Please restate the records below word for word, leaving out every picture.

- **STUDY MATERIAL**
*** Begin section ***

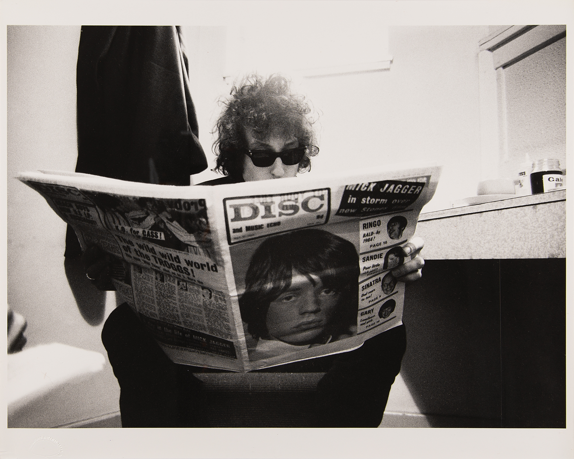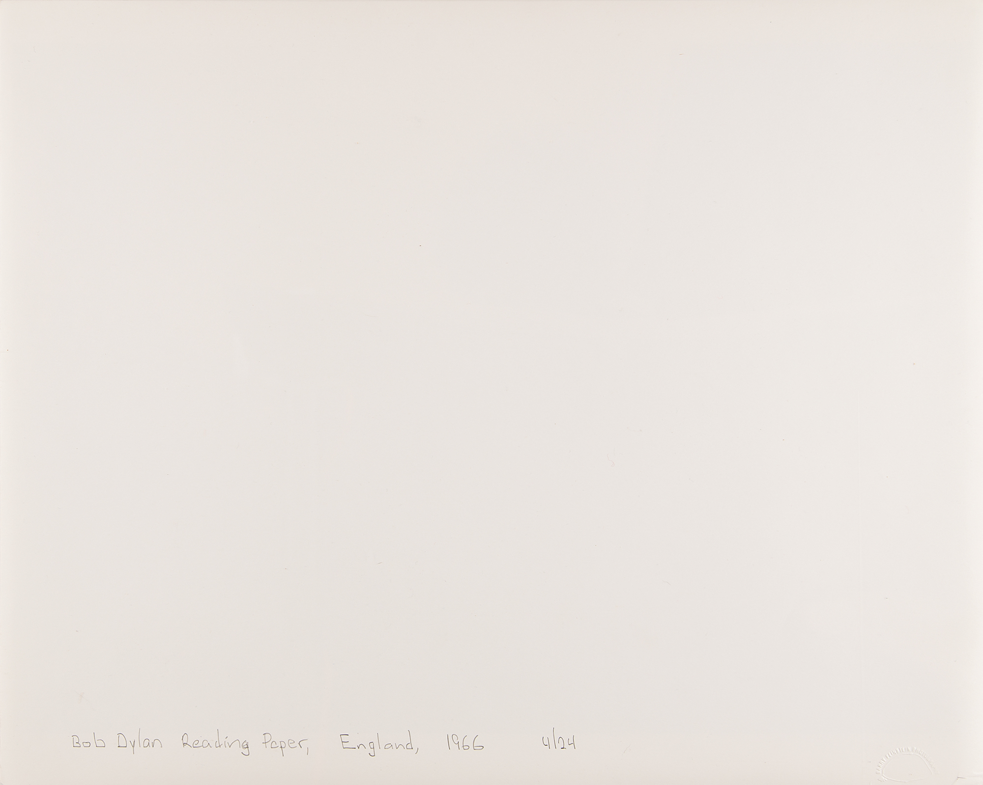 Limited edition semi-glossy 19.75 x 15.75 silver gelatin photograph of Bob Dylan reading the British popular music magazine Disc and Music Echo—with a cover story on Rolling Stones frontman Mick Jagger—taken by Barry Feinstein in England during Dylan's 1966 World Tour. Titled and numbered on the reverse in pencil: "Bob Dylan, Reading Paper, England 1966, 4/24." Embossed at the bottom with a "Barry Feinstein Photography" blindstamp. In fine condition.
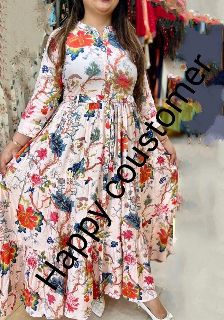 Designer Cotton Anarkali Kurti Long Gown Designer Kurti Set Etsy Israel
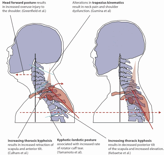 스마트폰 및 컴퓨터 사용을 위해 목을 앞으로 빼고 어깨를 움츠린 자세를 오래 취하다보면, 경추의 정상 C커브가 무너져, 일자형태로 배열되는 일자목이 생기게 됩니다. 또한, 흉추의 전만은 더 심해져 굽은등이 되고, 어깨는 전방으로 둥글게 말리는 라운드숄더가 생기게 됩니다.
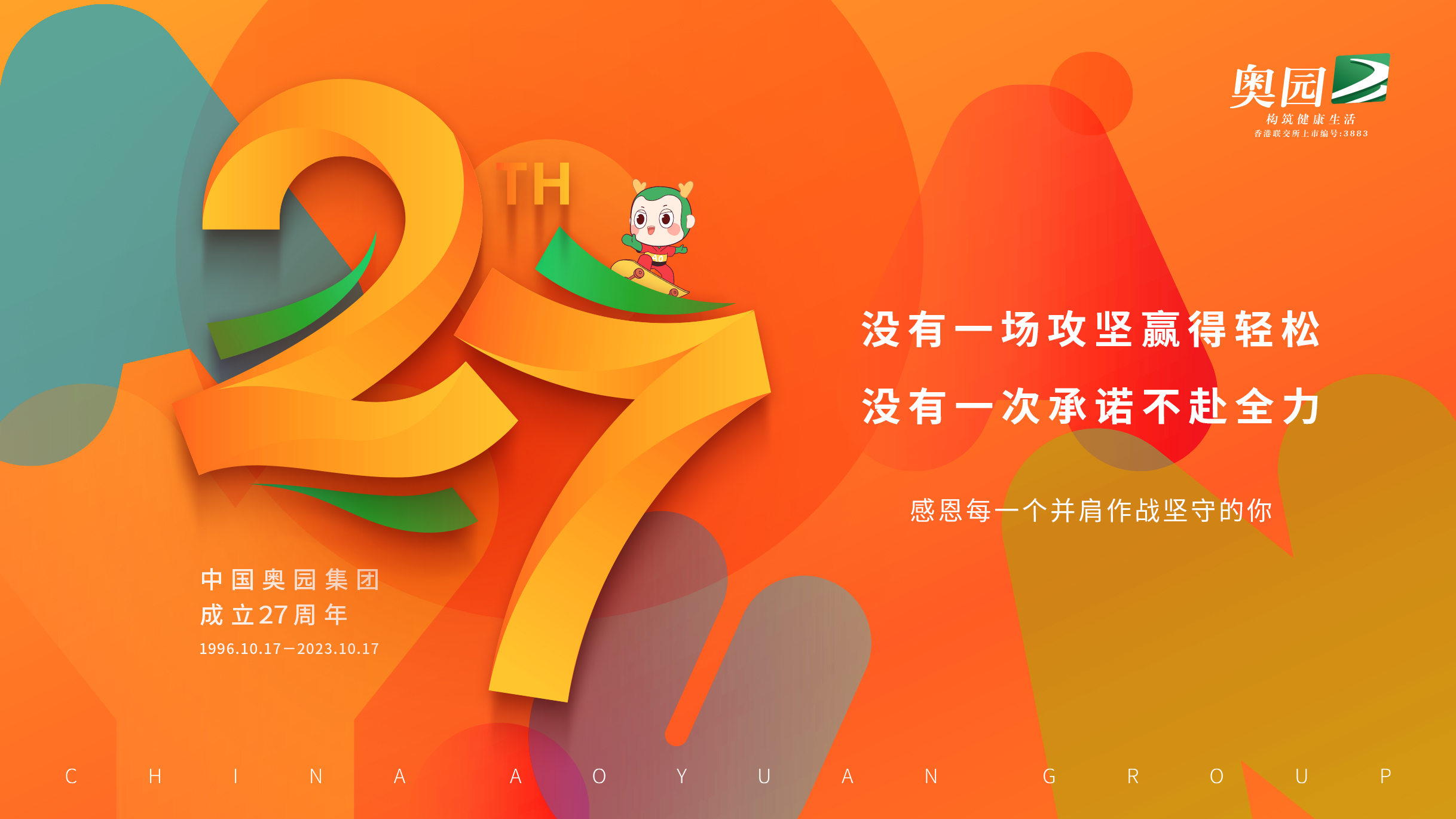 今天,中國奧園迎來成立27周年的大日子。
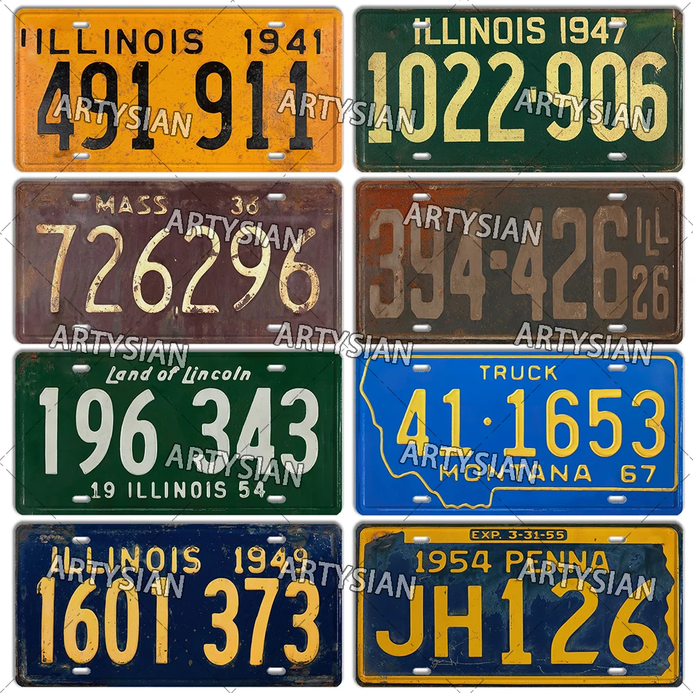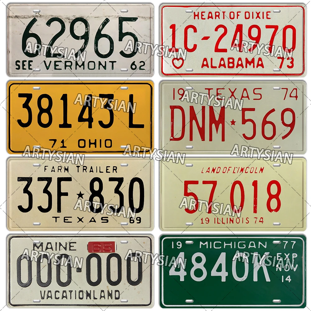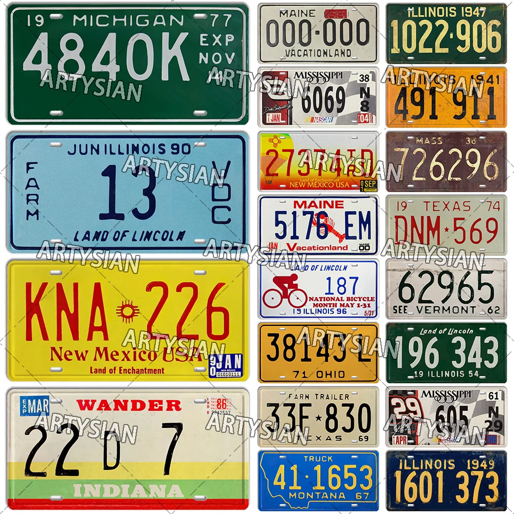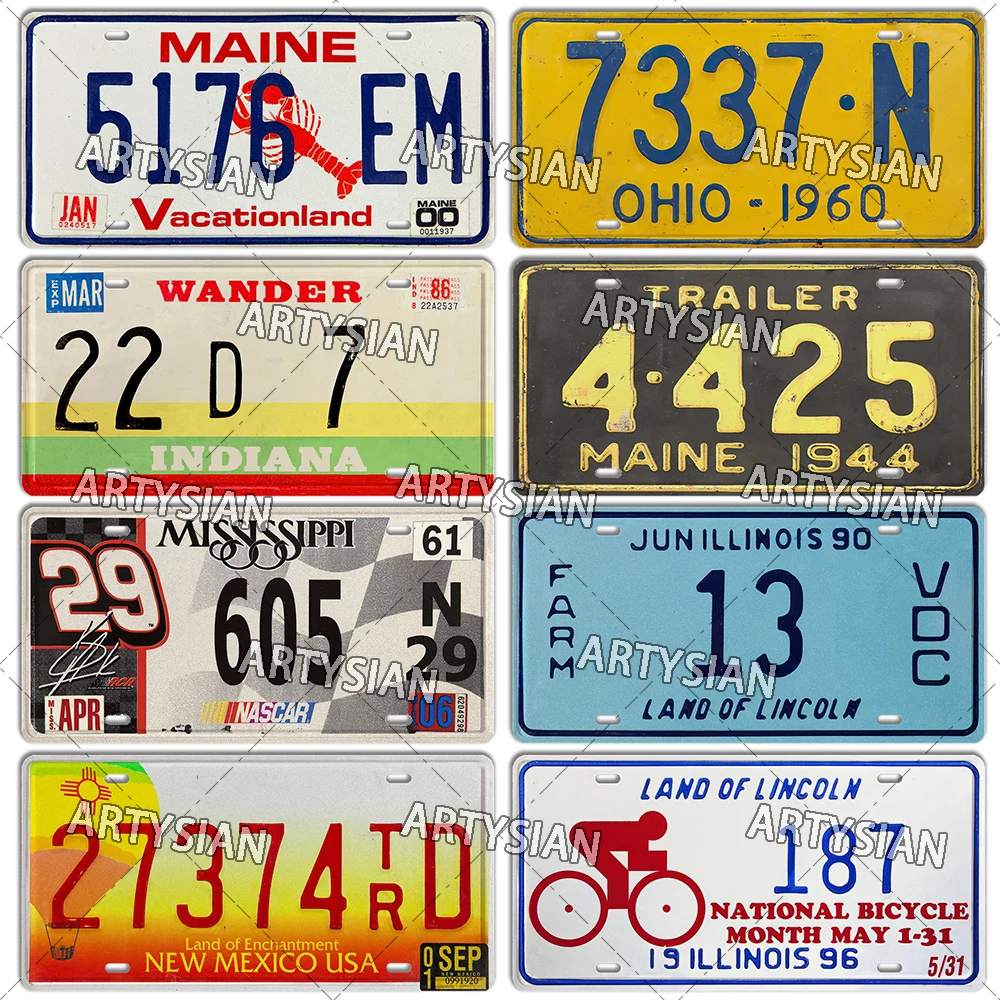 US State License Plate Truck Vehicle Trailer Tractor CAR Decorative Metal Plaque Wall Industrial Decor Texas Illinois MAINE
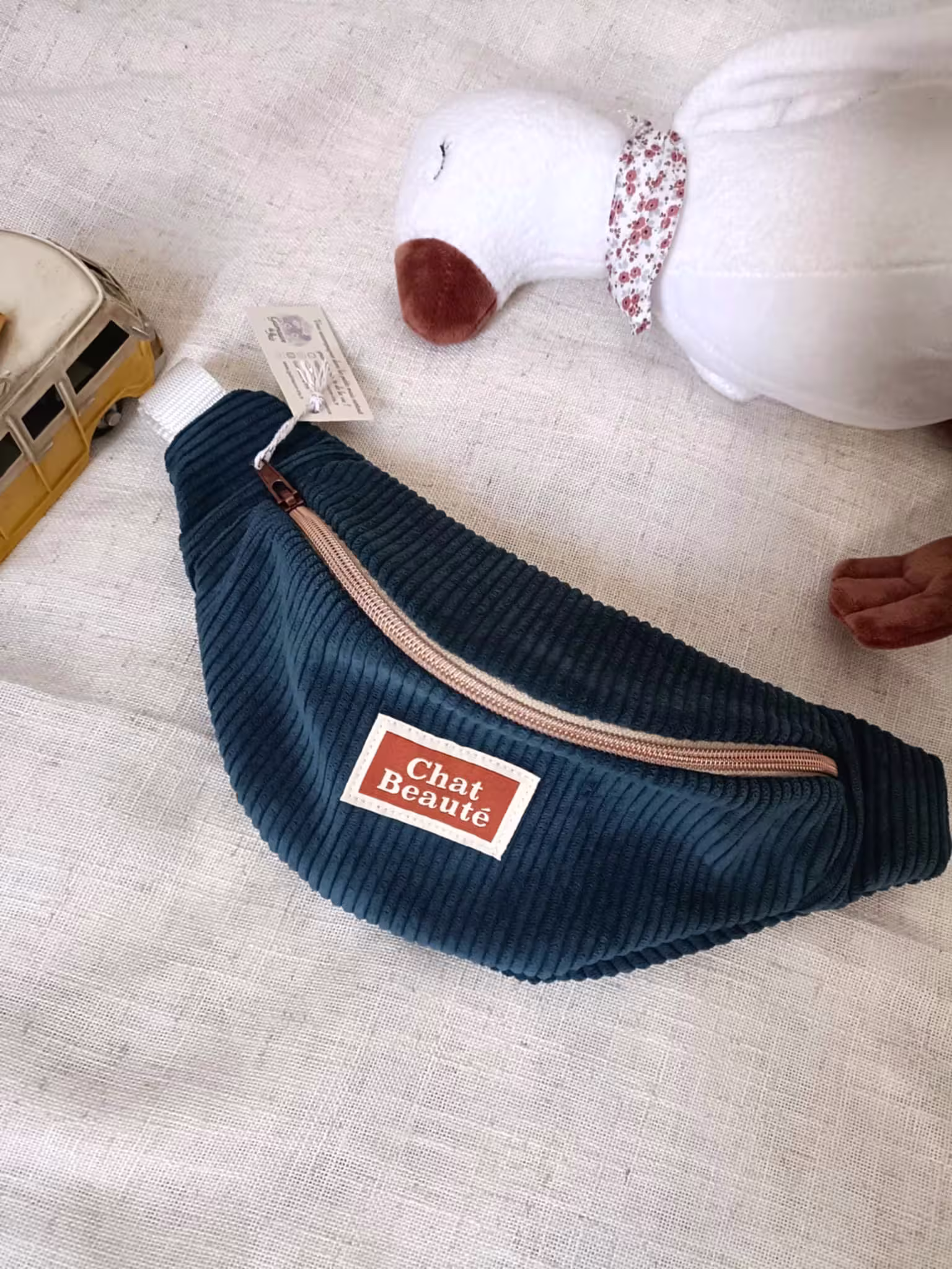 Tissu extérieur en velours côtelé et doublure en coton, le tout couronné d’une jolie étiquette.
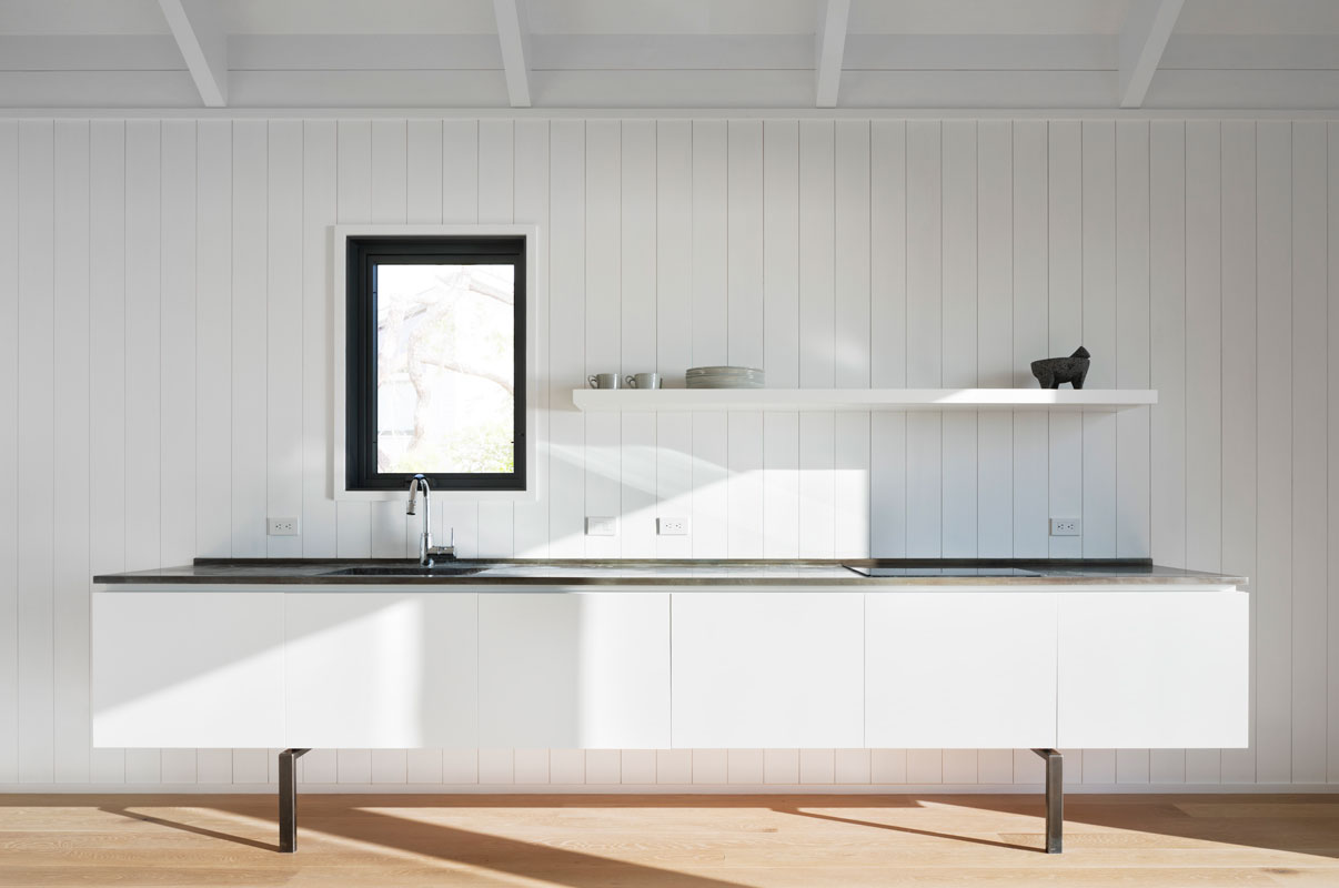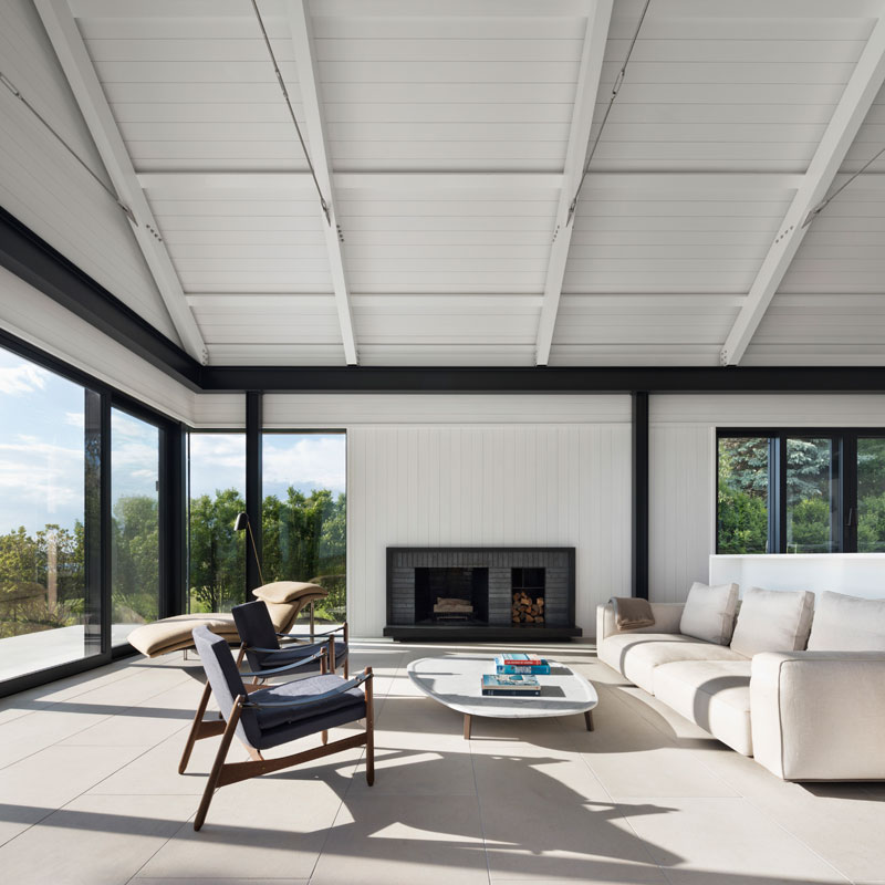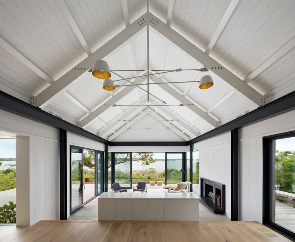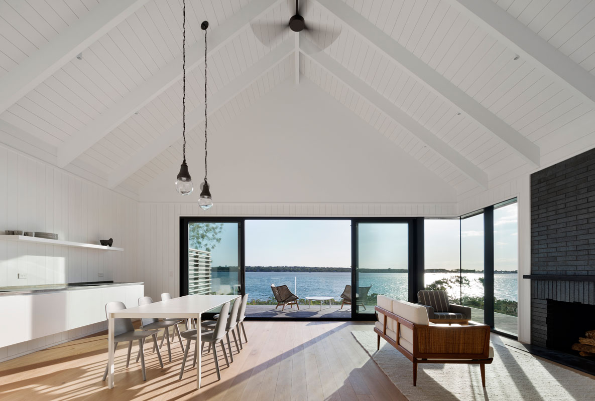 The more sheltered spaces of the East Lake House from Robert Young Architects deliver a cozy contrast to the wide-open water views that stretch out before it. The main living spaces are situated close to the ground, with only glass and oversized sliding doors acting as a divider between the indoors and outdoors, which delivers a stage for informal indoor/outdoor living in some considerable style.

*** End section ***

- **RESULT OF THIS TASK**
 Limited edition semi-glossy 19.75 x 15.75 silver gelatin photograph of Bob Dylan reading the British popular music magazine Disc and Music Echo—with a cover story on Rolling Stones frontman Mick Jagger—taken by Barry Feinstein in England during Dylan's 1966 World Tour. Titled and numbered on the reverse in pencil: "Bob Dylan, Reading Paper, England 1966, 4/24." Embossed at the bottom with a "Barry Feinstein Photography" blindstamp. In fine condition.
 Designer Cotton Anarkali Kurti Long Gown Designer Kurti Set Etsy Israel
 스마트폰 및 컴퓨터 사용을 위해 목을 앞으로 빼고 어깨를 움츠린 자세를 오래 취하다보면, 경추의 정상 C커브가 무너져, 일자형태로 배열되는 일자목이 생기게 됩니다. 또한, 흉추의 전만은 더 심해져 굽은등이 되고, 어깨는 전방으로 둥글게 말리는 라운드숄더가 생기게 됩니다.
 今天,中國奧園迎來成立27周年的大日子。
 US State License Plate Truck Vehicle Trailer Tractor CAR Decorative Metal Plaque Wall Industrial Decor Texas Illinois MAINE
 Tissu extérieur en velours côtelé et doublure en coton, le tout couronné d’une jolie étiquette.
 The more sheltered spaces of the East Lake House from Robert Young Architects deliver a cozy contrast to the wide-open water views that stretch out before it. The main living spaces are situated close to the ground, with only glass and oversized sliding doors acting as a divider between the indoors and outdoors, which delivers a stage for informal indoor/outdoor living in some considerable style.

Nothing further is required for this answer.